Сенесе было двадцать четыре года. Я был ненамного старше его, и мы здорово веселились. Он был женат, имел маленькую дочь. Его жену звали Изабель, а дочку Дельфина. Изабель жила в Бургундии; она снимала домик в Пренуа, километрах в пятнадцати от Дижона, где преподавала немецкий (она знала его весьма посредственно, что, впрочем, отнюдь не мешало ей учить этому языку других; как ни странно, мы с ней никогда, за исключением самых первых дней знакомства, не злоупотребляли этим лингвистическим «родством», которое встретило бы у меня лишь глухое, резкое и совершенно неоправданное отвращение). Сначала Изабель получила в Дижоне работу лишь на время стажировки Флорана Сенесе, которую он должен был пройти, после окончания Школы хартий, в архивах Бона и Эпервана, в двух часах езды от города. Потом она отсрочила переезд в парижский регион, где служил Флоран Сенесе, и уехала в Пренуа – из-за маленького садика возле дома, из-за того, что Дельфина пылко полюбила свою школьную воспитательницу, и, наконец, из-за относительной близости родителей Изабель, живших в Юра, возле Лон-ле-Сонье. Таким образом, каждую пятницу, или, скажем так, почти каждую пятницу, Изабель с Дельфиной приезжали поездом в Сен-Жермен-ан-Лэ и отбывали назад в воскресенье, ближе к вечеру, чтобы вернуться, уже в полной темноте, в свой «рай» – так они окрестили сад в Пренуа, состоявший из кустов смородины и пары дубов, а также берегов Сюзона, Уша и Бургундского канала. Не сомневаюсь, что места там дивные, – сам я их не видал.

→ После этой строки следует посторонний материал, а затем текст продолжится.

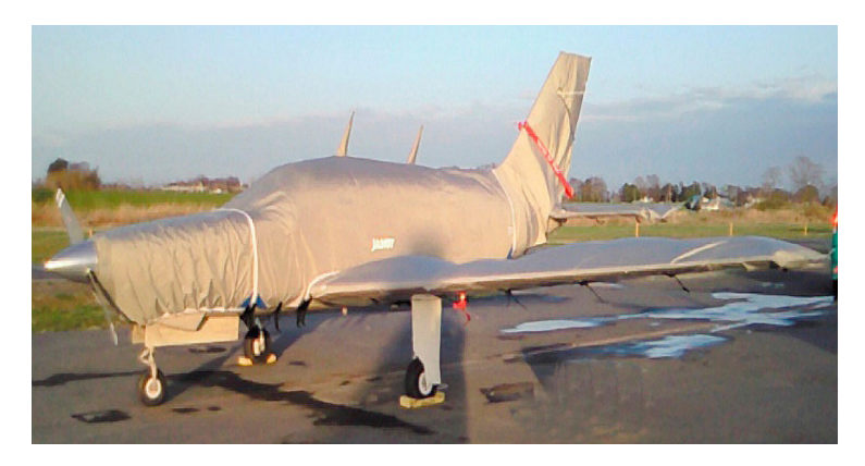
Piper PA-46 Malibu Complete Cover Set

This cover type is made from Silver Acrylic Sunbrella canvas and is 100% lined with a soft and smooth microfiber. Bruce's Custom Covers developed this material combination especially for aircraft protection. The outer material is medium weight and treated for water resistance, UV resistance and anti-static buildup. The inner lining is a very soft and smooth microfiber to prevent scratching. The material is very reflective, and tests show that the cabin interior temperature can be reduced to near-ambient temperature on the hottest of days. It is water, ice and snow repellent, yet breathable to allow moisture to escape from between the cover and the aircraft surface.
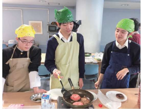
Students cook hamburgers in home economics
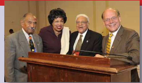
Congressman Cohen welcomes revered civil rights leader Dr. Benjamin Hooks to Capitol Hill for a briefing on civil rights legislation pending before Congress (from left to right Rep. John Conyers (MI), Rep Diane Watson (CA), Dr. Benjamin Hooks, Rep. Steve Cohen)
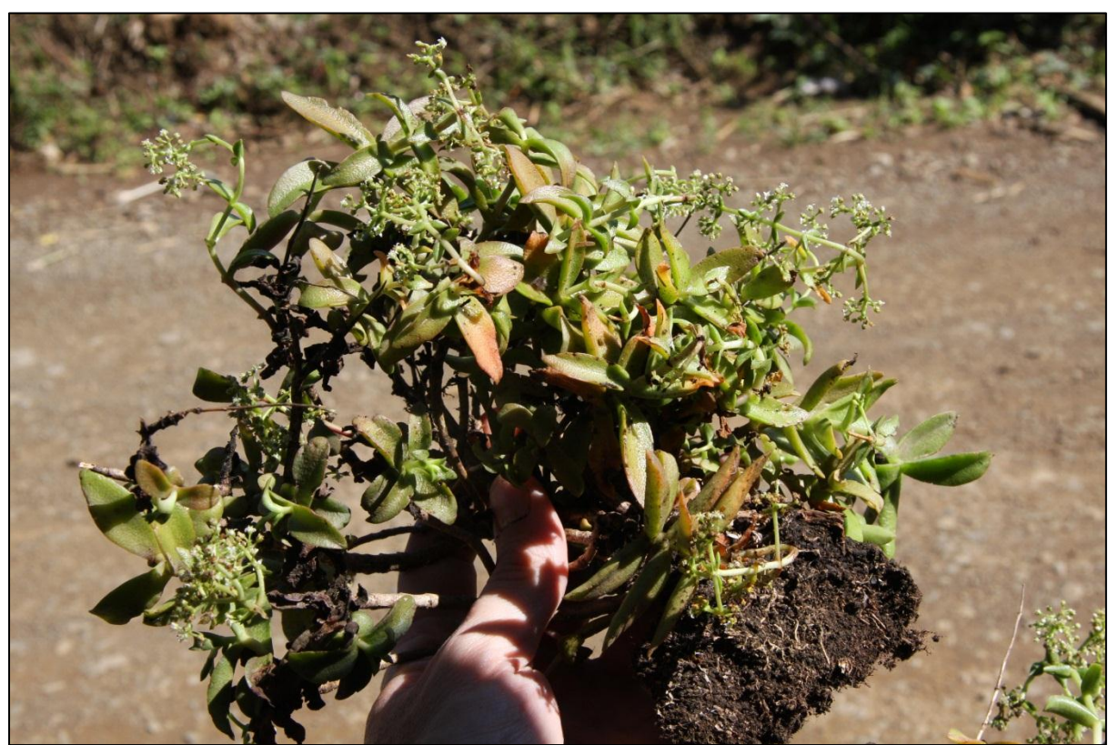
Plate 16. Crassula foveata found growing on Dwyka Tillite cliff faces.
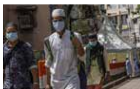
Corona & Tablee-ghi conspiracy
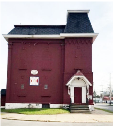
Historic Utica Commandery

In 1883, a resolution was passed to affiliate with the Knights of St. John and that spring they sent delegates to the Supreme Convention of the Knights of St. John, being held in Rochester, NY.
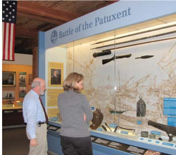
Calvert Marine Museum, Solomons, MD
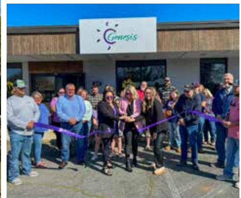
RIBBON CUTTING AT GENESIS TANNING & ESTHETICS IN EAST BEND YADKINVILLE
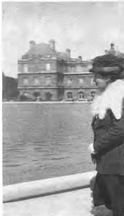
Willa Cather in the Luxembourg Gardens, 1920
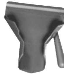
Model 252-RH (Right-Handed)
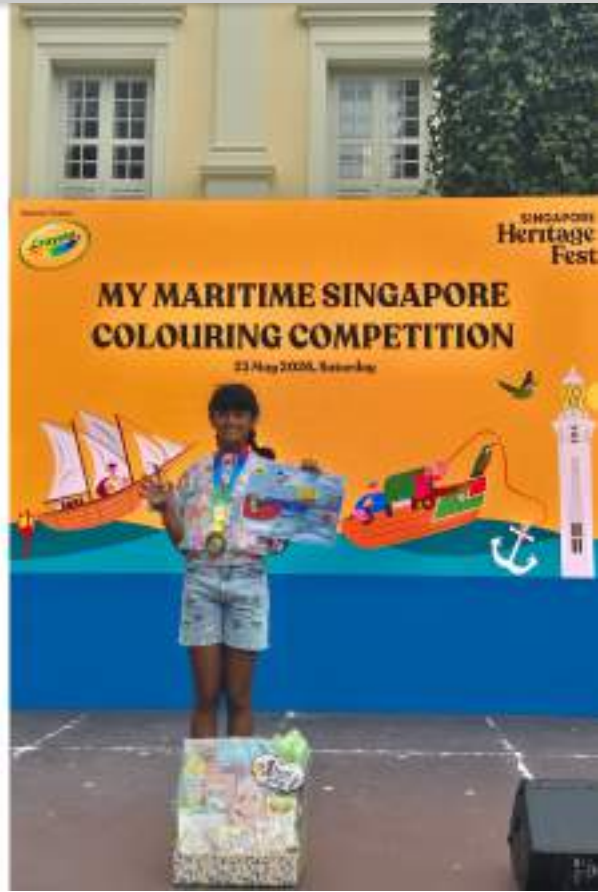
My Maritime Singapore Colouring Competition 23rd May 2026
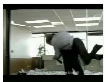
MAN: I guess the savages didn't find all of them. (SFX: MAN GETS TACKLED IN & OUT)
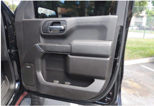
PASSENGER DOOR PANEL
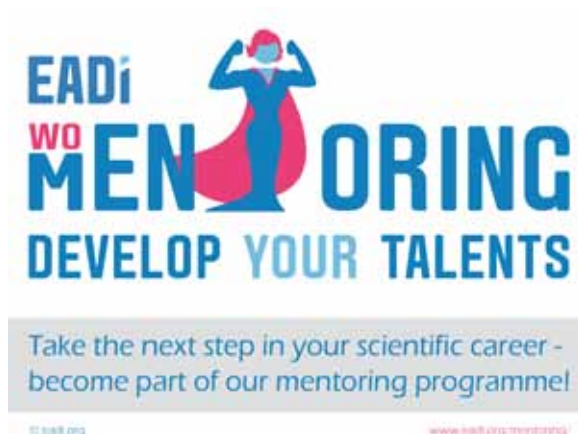
EADI mentoring programme advertisement, programme website: https://www.eadi.org/talents/

Another event for PhD students organised in cooperation with EADI, was the ISS Development Dialogue on “Localizing the ‘Global’: Global Development and Social Justice in Practice” from 11-13 October at the International Institute of Social Studies in The Hague.
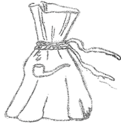
FROM THE MEDICINE BAG

I would like to thank the lodge for electing me to the office of Chief for this year. I would also like to congratulate all others who were elected to offices.
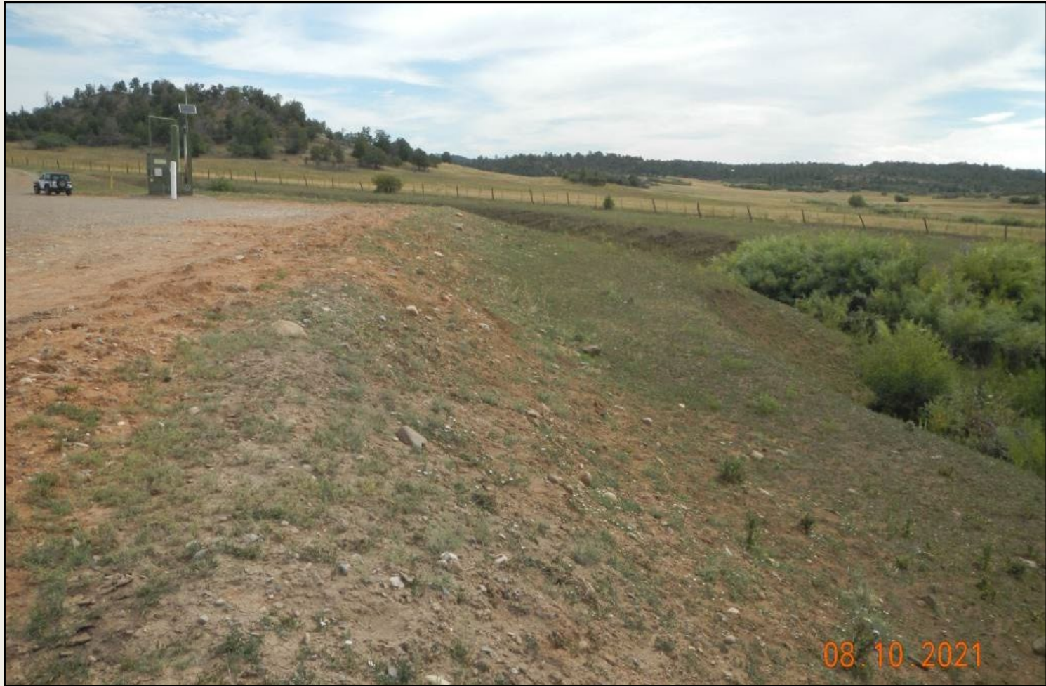
Photo 2. View of the eastern cut-slope from the southeastern corner facing northward. Revegetation is progressing similar to the reference area with smooth brome and western wheatgrass, as well as perennial weeds such as bindweed, largely in a grazed condition.
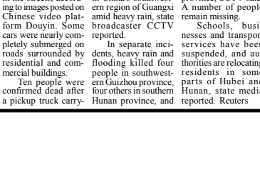
A flooded street in a village in China's southwestern region of Guizhou on Tuesday.
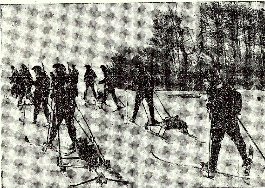
France has two fascist nations on her border line; beyond the Rhine, Germany; beyond the Alps, Italy. French troops (above) are going through rigid practice maneuvers on the Italian border. Recent conversations between Hitler and Mussolini are paving the way toward a fascist alliance for the re-division of Europe and invasion of the Soviet Ukraine. Vigilance on all borders is necessary for the People's Government of France.

The Communist Party is now the largest by far in all this key region.
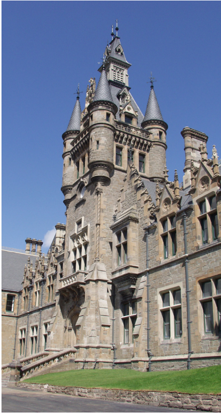
^ Morgan Academy tower

‘practises what it preaches’. But how best to convey such a forward-thinking initiative to the school community and the wider population alike is still a challenge.
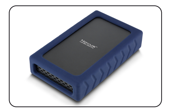
Novus™ External USB-C Drive User Guide
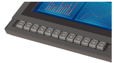
Optional: Line Keys
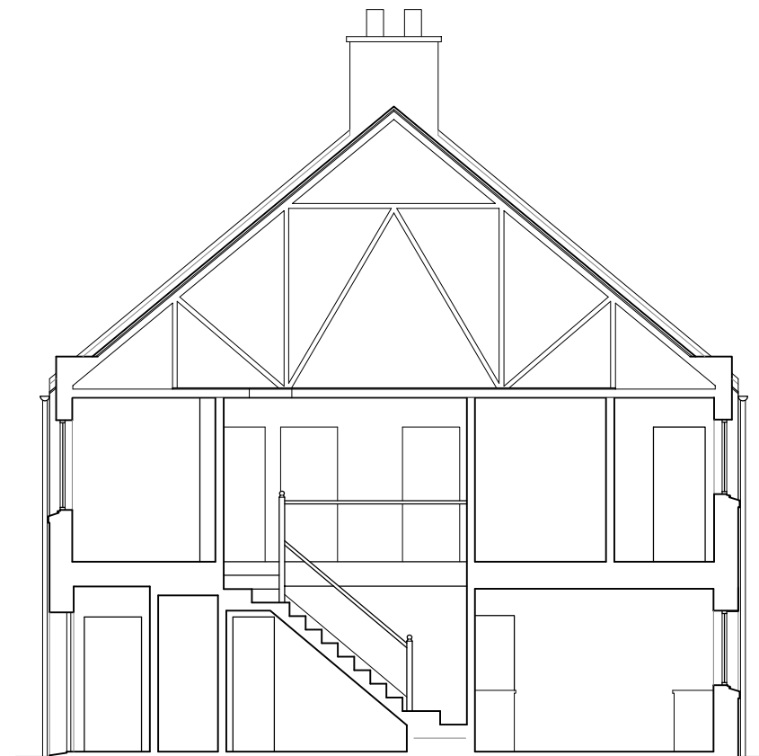
Existing Section A 1:100

Do not scale from drawings. All dimensions to be checked on site before proceeding with works. Boundary lines are indicative. TOLA shall be notified in writing of any discrepancies.
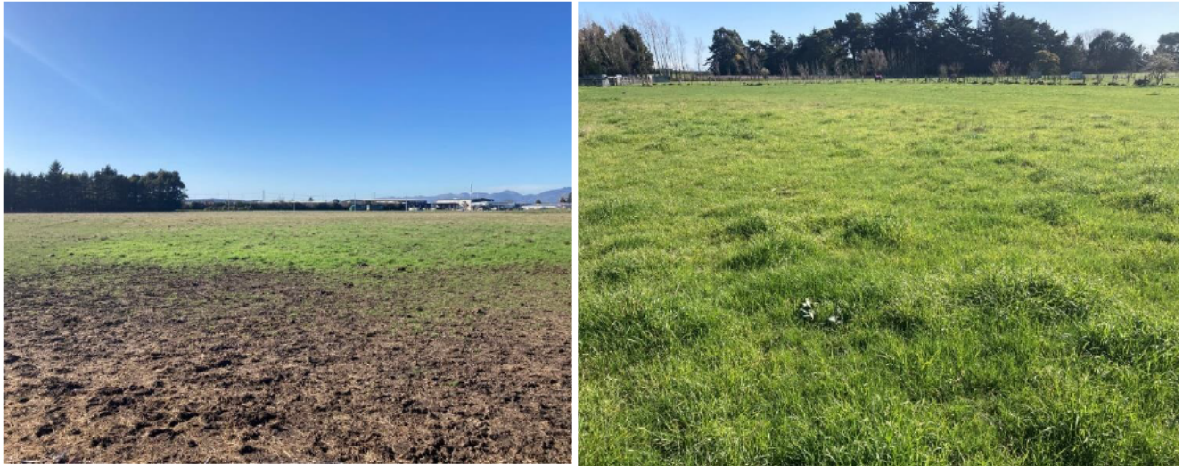
Plate 4 – Cocksfoot pasture grassland, grazed hard with exposed soil (left) and longer ungrazed grass (right).
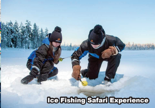
Ice Fishing Safari Experience
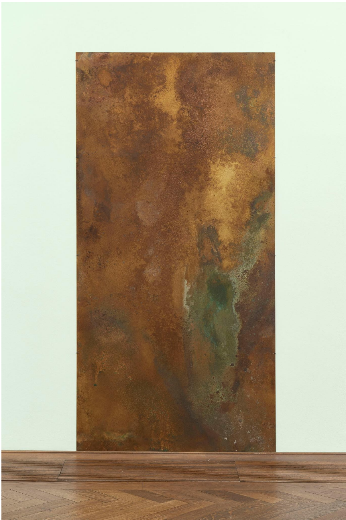
Dora Budor, Installationsansicht, I am Gong , Kunsthalle Basel, 2019, Blick auf Solo for 1876 , 2019.
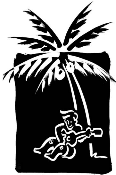
songs from the middle of the ocean
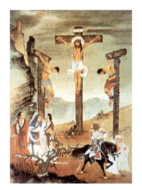
(13) Jesus dies on the cross

Странный человек был этот Сенесе – одержимый, нервозный, блестящий, неистощимый. Он совершенно не любил музыку, за исключением разве что колыбельных и несчетного количества считалочек-припевок. Любил крепкий алкоголь и терпеть не мог вина, в отличие от меня. Впрочем, это замечательно, что основные вкусы людей обрекают их на одиночество. Ни в дружбе, ни в любви не следует добиваться сходства своих пристрастий с чужими, иначе вам грозит либо сцепиться врукопашную, либо умереть со скуки. Я давно заметил, что только люди, ни в чем не схожие друг с другом, никогда не затевают ссор. Если Сенесе был чудаком (чтобы не сказать более), то он отнюдь не был мифоманом. Но зато он обожал всяческие розыгрыши, которые могли длиться и час, и два, – мне они казались чересчур долгими и изрядно утомляли. Как-то в середине дня (мы разлеглись, подальше от чужих глаз, под жарким солнцем на лужайке, которая тянулась вдоль задней глухой стены душевых Генштаба) он вдруг принялся уверять меня, что в детстве, во время туристической поездки на Святую землю, ему довелось вместе с отцом ужинать в таверне «Добрый самаритянин», за тем самым столом, где некогда сидел Господь; Он явился им, и они все вместе пили кофе; конечно, Он сильно постарел, но по-прежнему был преисполнен горечи и недоволен своим земным царством. В другие дни он таким же манером пересказывал мне свои беседы с Дарием, Хаммурапи, Юлием Цезарем, Папой Пием XI. Сенесе был архивистом и свободно владел многими древними языками; я же, в противоположность ему, всегда ненавидел, (и ненавижу по сей день) латынь – язык, который я так и не выучил, поскольку в Бергхейме мне его преподавали отвратительно – путано и непонятно. Он быстро подметил во мне это отвращение. О Боне и Дижоне он почти не вспоминал. Просто бегло упомянул, что пишет диссертацию о какой-то утраченной древности, затерявшейся в Бургундском герцогстве, на берегах Дэны, среди местных природных красот. В настоящее время он состоял шофером при довольно симпатичном малопьющем подполковнике. Сенесе утверждал, что его начальник почти ученый – знает чуть ли не все буквы алфавита (я уже говорил, что он был большой мастер создавать мифы). Остается добавить, что подполковник этот обладал одним большим и неоспоримым достоинством, а именно не высовывал носа из дому, а если и выходил, то, будучи офицером автотранспортных войск, либо проводил большую часть времени в манеже, либо ездил верхом по лесу.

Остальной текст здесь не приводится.